No — the harness is not a quality guarantee. It is an amplifier: it ensures that whatever quality is encoded in the harness is applied consistently across every agent run. A well-designed harness amplifies good patterns at scale. A poorly designed or incomplete harness amplifies whatever the codebase already contained — good and bad.
Legacy codebases and team adoption
Does harness engineering work on legacy codebases?
It is harder on legacy codebases than on greenfield ones. Birgitta Böckeler notes directly that retrofitting a harness onto a non-standardised legacy codebase may not be worth the effort — similar to running static analysis on a codebase that has never had it and drowning in alerts. The practical approach: start with new modules or significantly refactored domains, then expand coverage incrementally.
How do I introduce harness engineering to a team that already uses AI agents?
Start with an audit: what are the three most common reviewer comments on AI-generated PRs? Those are your first taste invariants. Write convention docs for them and build linters. Run the existing AI-generated code through the new linters and open GC PRs. Make improvements visible to build team buy-in before expanding scope.
What skills does harness engineering require from engineers?
Systems thinking, the ability to make implicit judgment explicit, and precision in expressing requirements. The ability to write code quickly matters less than the ability to design environments that produce good code reliably. Engineers who struggle are typically those who can't articulate why something is wrong precisely enough for a system to act on it.

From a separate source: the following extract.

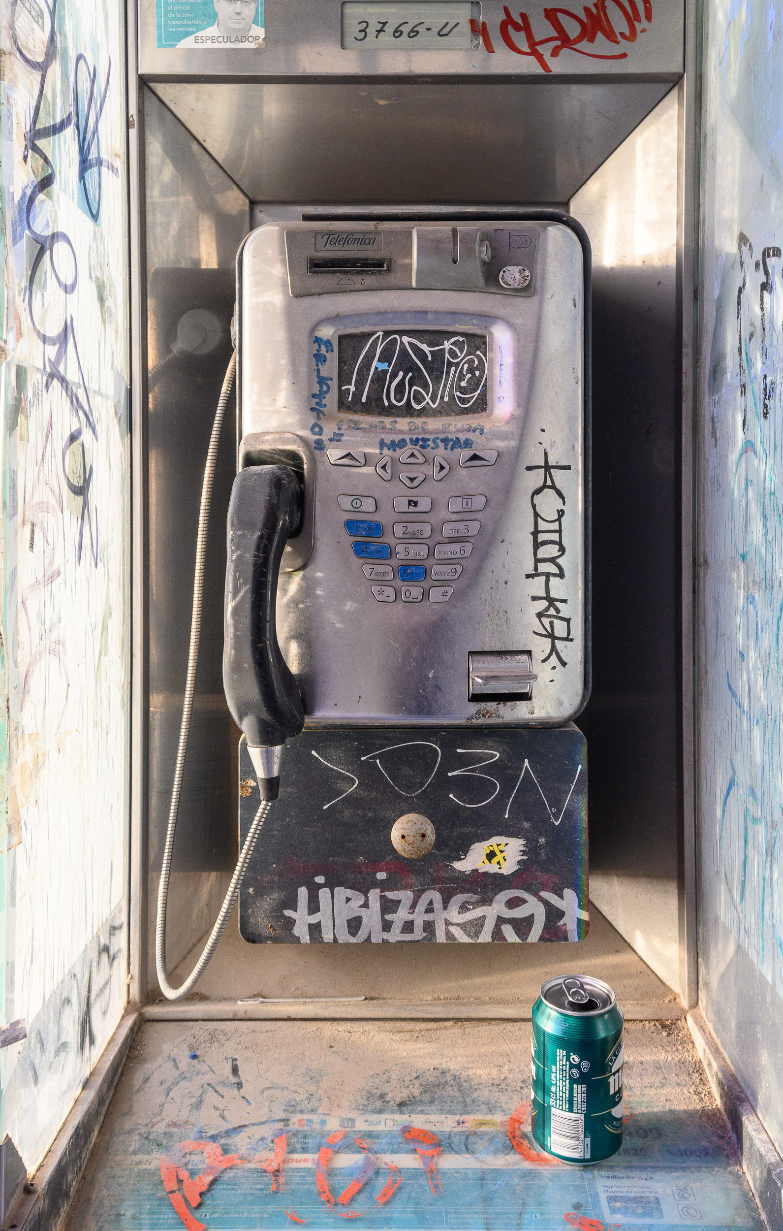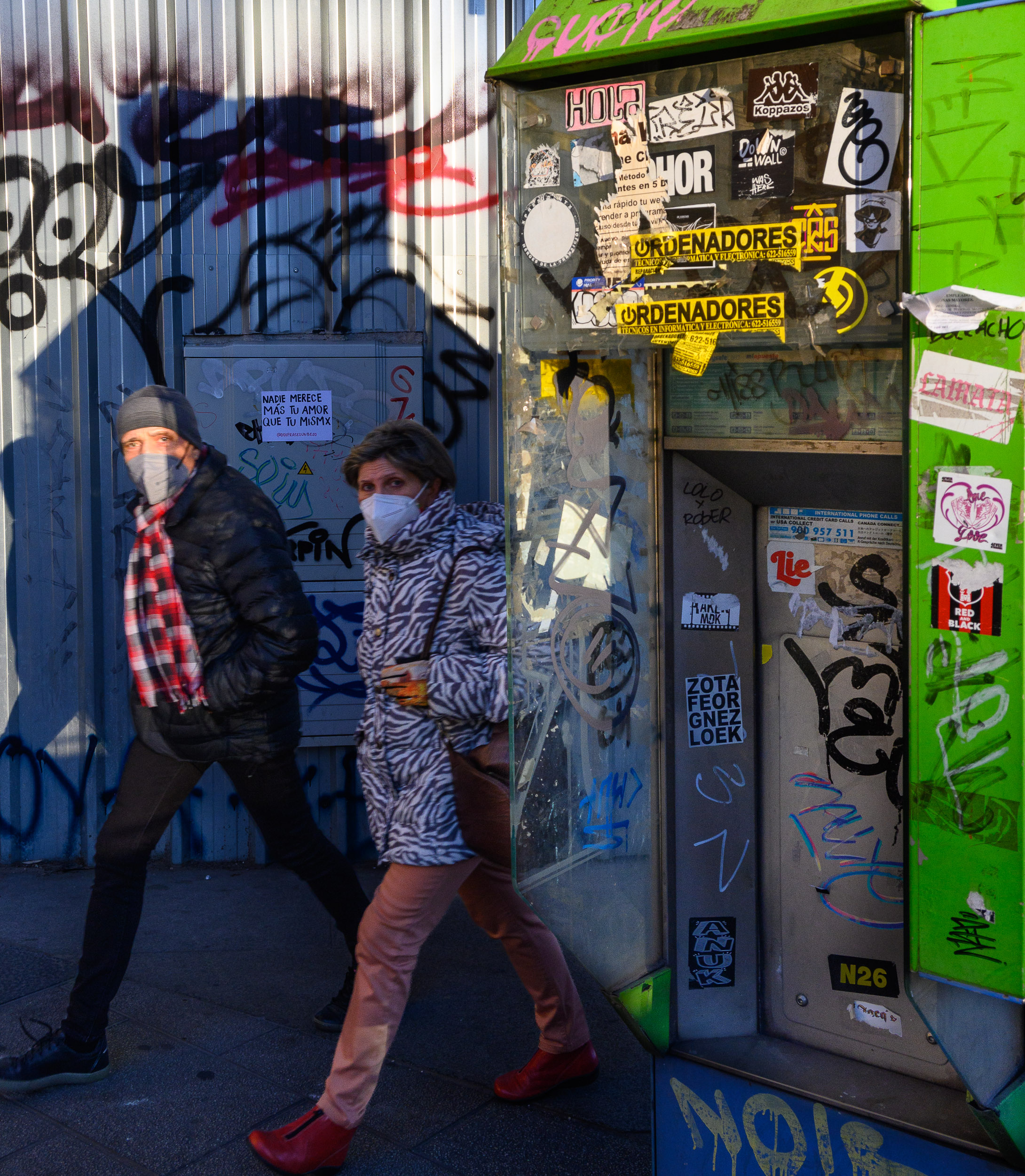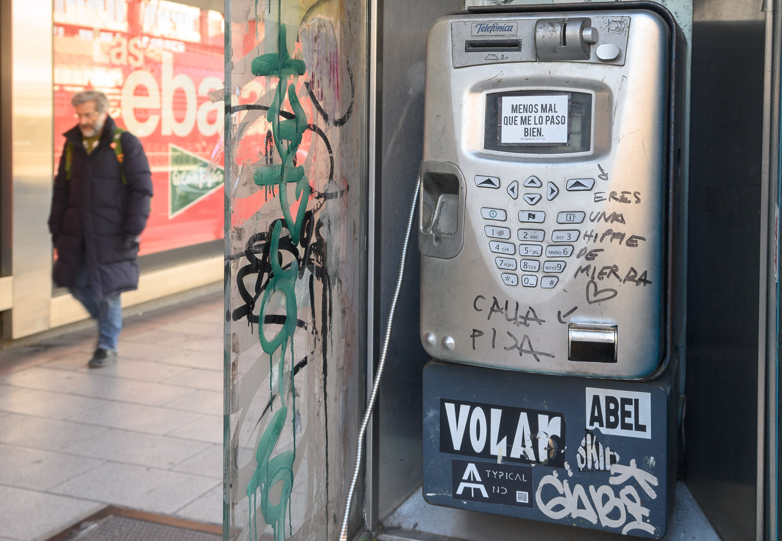 Caídas en completo desuso y en su mayor parte vandalizadas, las cabinas telefónicas viven sus últimos días en las calles de Madrid.
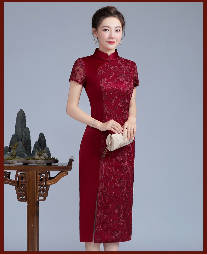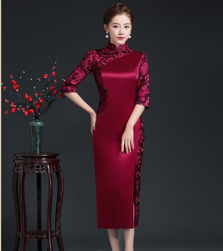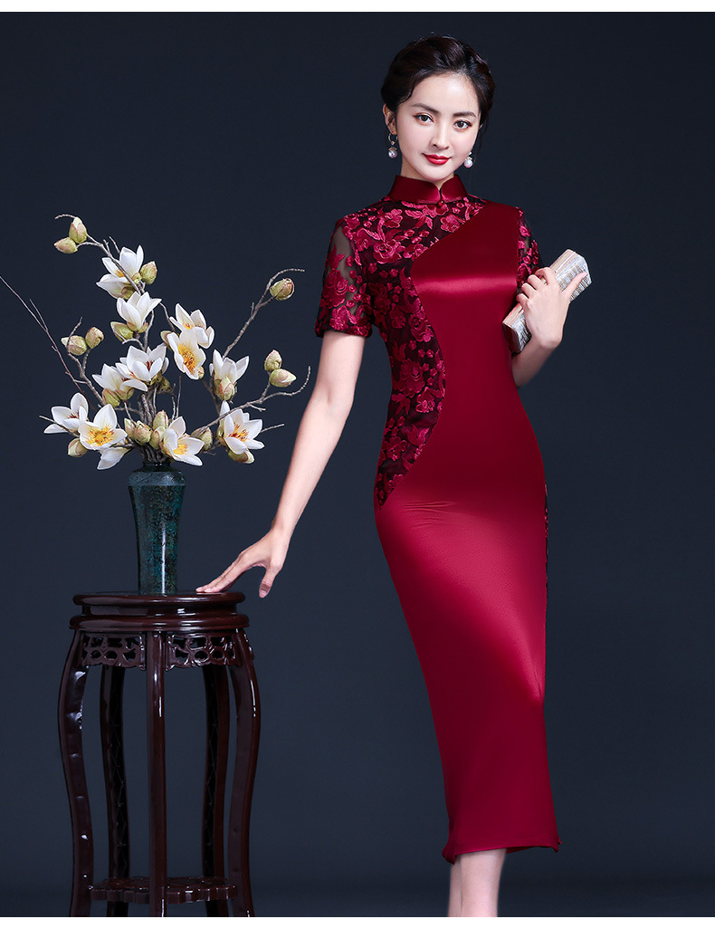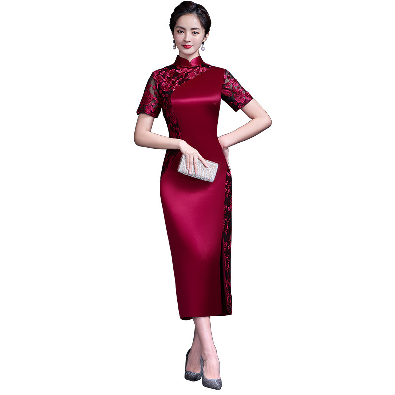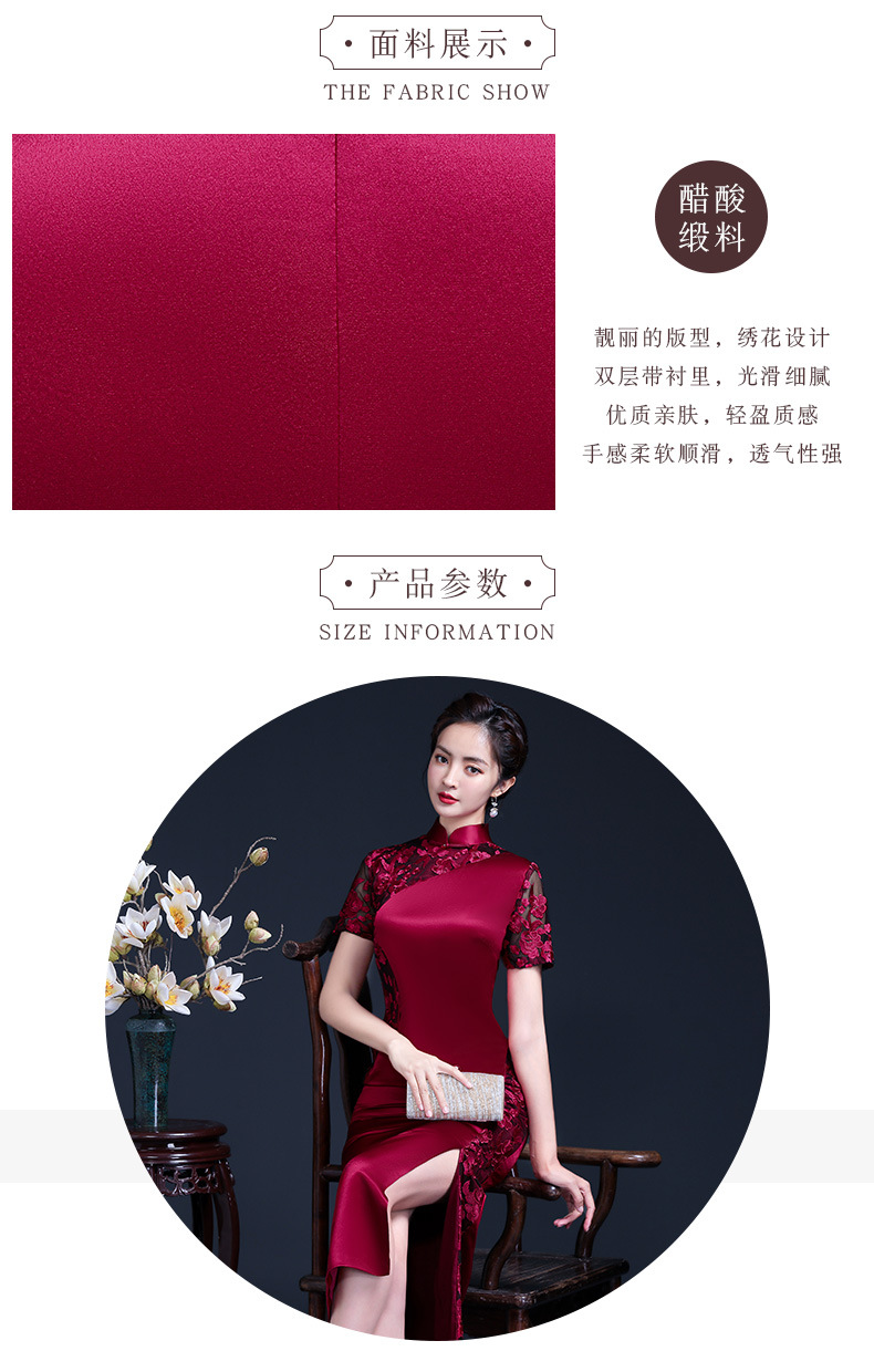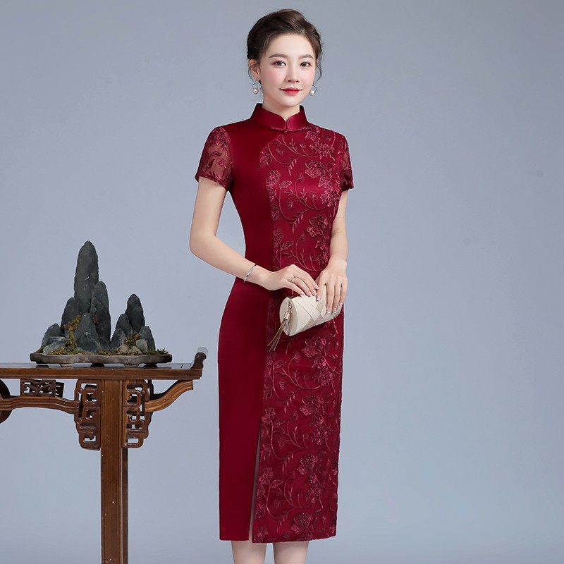 2023年新款复古改良旗袍 红色连衣裙长款妈妈装婚宴中式礼服 旗袍

How does harness engineering change code review?
Code review shifts from convention enforcement (style, patterns, standards) to logic review (does this solve the right problem, are the trade-offs correct, what could go wrong). Convention enforcement is handled by linters and the harness. Reviewers who no longer need to check for naming conventions have more attention for the reasoning and architecture of the change.
Relation to other disciplines
How does harness engineering relate to platform engineering?
Platform engineering builds internal developer platforms for provisioning, deployment, and observability. Harness engineering builds the operating environment for AI coding agents. They are complementary — a mature platform engineering practice often becomes the substrate for a harness (shared conventions, standardised tooling, policy enforcement). AI agents are becoming first-class users of internal developer platforms.
Is harness engineering relevant for operations and SRE, not just development?
Yes — and increasingly so. AI agents operating in production (for incident response, Day 2 ops, infrastructure changes) need a harness that encodes operational judgment: what actions require approval, what policies must hold, what the audit trail requires. The harness for operational agents is built from policy, runbooks, and guardrails rather than coding conventions and linters.